First -- “But that’s MY car!” Then -- “I want it!”

We could leave them to it...they’ll have a great fight, maybe with some slapping and kicking and yelling and biting and grabbing and throwing {oh yes. we've been there.}. They may or may not eventually work it out, but my guess is that one of the victims will give up and stomp off, saying a few choice words as he or she leaves {or a sour look}.

We could jump right in with questions as to who had the car first, who wants the car and why do they want it, then start throwing commands left and right. “Johnny, you give the car to Sam. He gets a turn now. You can have it back in five minutes. And don’t cry or fuss.”

*cue the sound of helicopter blades whopping*

But my favorite method is to quietly say what I see happening, make sure each child knows how the other is feeling, and offer solutions to restore peace. Because people are more important than toys {another life commandment}.

Children need to be taught how to eventually work out conflict all on their own. They need to be taught healthy conflict resolution. They need to be aware of their feelings and the feelings of others. And the best way to teach all of this is through lots of example dialogue and role-playing.

“I see Ezra grabbed the toy you were playing with. He wants it too. How can we work this out so that all of us are happy? Want to give him five minutes to play with it and then ask for a turn?”

{example dialogue for Peter to say to a frustrated friend}   
“Oh, it sounds like you don’t want to play this game anymore. You must be feeling bored or upset. Can we play firefighters instead? Or do you want to play chase?”

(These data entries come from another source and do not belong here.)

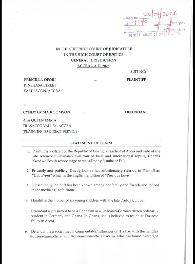 Priscilla Ofori, popularly known as Odo Broni and widow of late Ghanaian highlife legend Daddy Lumba, has taken legal action against TikToker Cyndy Emma Koomson, widely known as Queen Emma, over alleged defamatory statements made online.
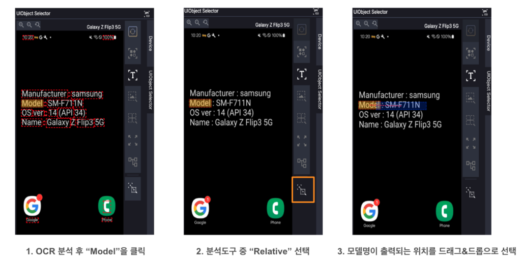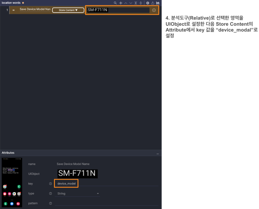 Drag and drop the text area next to Model as the step’s UIObject to store the model name.
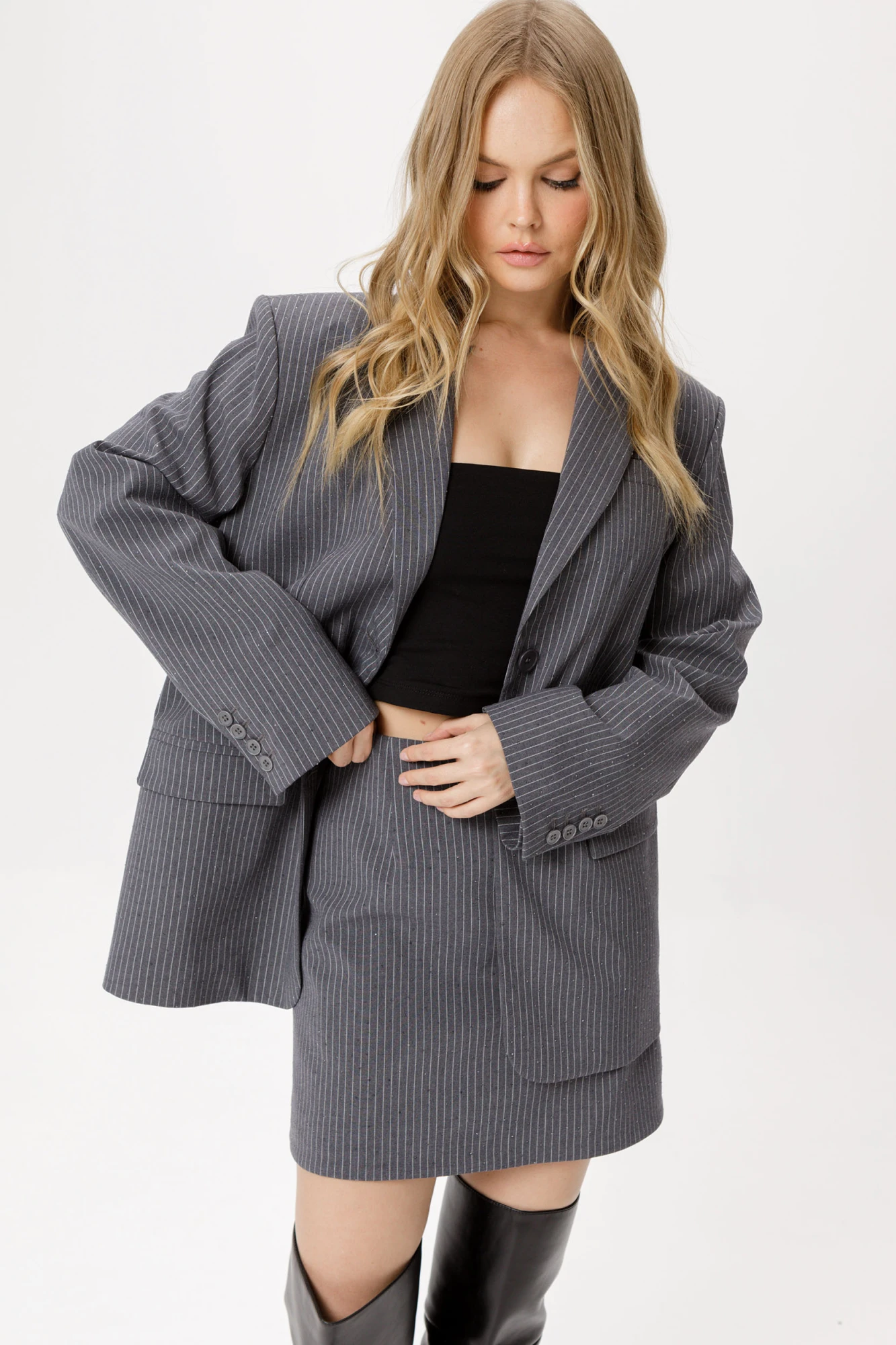Мини-юбка из текстильной ткани в тонкую полоску со стразами.
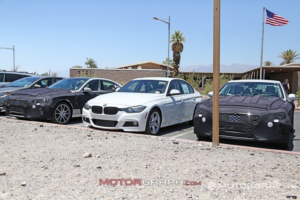 미국 데스밸리에서 BMW 3시리즈와 함께 주행 테스트를 하고 있는 제네시스 G70의 모습이 3일 카메라에 포착됐다. 처음부터 3시리즈를 벤치마킹해 만든 만큼, 비교 테스트를 통해 완성도를 조금이라도 더 높이려는 것으로 보인다.

Peter knows that if he is struggling to get along with someone, be it a friend or his brother, he has four tools in his toolbox: {thank you smart husband for this wisdom}
NEW TOY -- find a new toy for yourself or the other person
NEW ACTIVITY -- think of something else to do that you both might enjoy
GROWNUP HELP -- ask a grownup to help with solutions
ALONE TIME -- be alone for awhile

This takes a LOT of repetition. We find ourselves saying it more times than we’d like. But I believe there will be a pay-off. We've seen small promises of success already. ;)

Happy children are children that know how to problem solve and work things out with others.